Demographics: age, sex, region of residence, body mass index (BMI).

Clinical and pathological data: tumor histology, TNM staging (T: tumor size, N: lymph node involvement, M: distant metastasis), type of surgery, RAI dose.

Biochemical markers: pre- and post-treatment levels of stimulated and unstimulated thyroglobulin (Tg), thyroglobulin antibody (TgAb), and thyroid-stimulating hormone (TSH)

Disease status: presence or absence of local or distant metastasis, and recurrence status (new vs recurrent tumor).

Outcomes

The primary outcome is the biochemical response to treatment, defined as a stimulated Tg < 1 ng/mL or suppressed Tg < 0.2 ng/mL at either 6 months or 12 months following RAI therapy.
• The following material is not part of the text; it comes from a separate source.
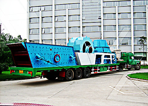 工藝流程:料倉(cāng)--振動(dòng)給料機(jī)--鄂式破碎機(jī)--制砂機(jī)--振動(dòng)篩--洗沙機(jī)--輸送機(jī)。

The secondary outcome is the presence of metastasis, categorized as:

Local persistence: residual thyroid tissue or cervical lymph node involvement detected by neck ultrasound 6 months post-treatment

Distant metastasis: identified through diagnostic whole-body I-131 scan and/or cross-sectional imaging (CT and PET/CT), as clinically indicated

Statistical Analysis

Descriptive statistics were used to summarize patient characteristics: medians and interquartile ranges for continuous variables, and frequencies and percentages for categorical variables. Associations between demographic/clinical variables and the primary outcome (biochemical response) were analyzed using Chi-square tests and logistic regression models. A multivariate logistic regression was performed to identify independent predictors of treatment response, adjusting for potential confounders. A p-value < 0.05 was considered statistically significant.

Sample Size Analysis

A total of 255 patients met the inclusion criteria and were included in the analysis. Categorical variables and treatment response frequencies were compared between clinically and demographically defined subgroups, including lymph node involvement, administered radioactive iodine dose, and baseline thyroglobulin levels. All statistical tests were two sided, and a p value of ≤0.05 was considered statistically significant. Fisher’s exact test was used for comparisons of proportions. Continuous variables were summarized using descriptive statistics and compared between groups using the twosample ttest.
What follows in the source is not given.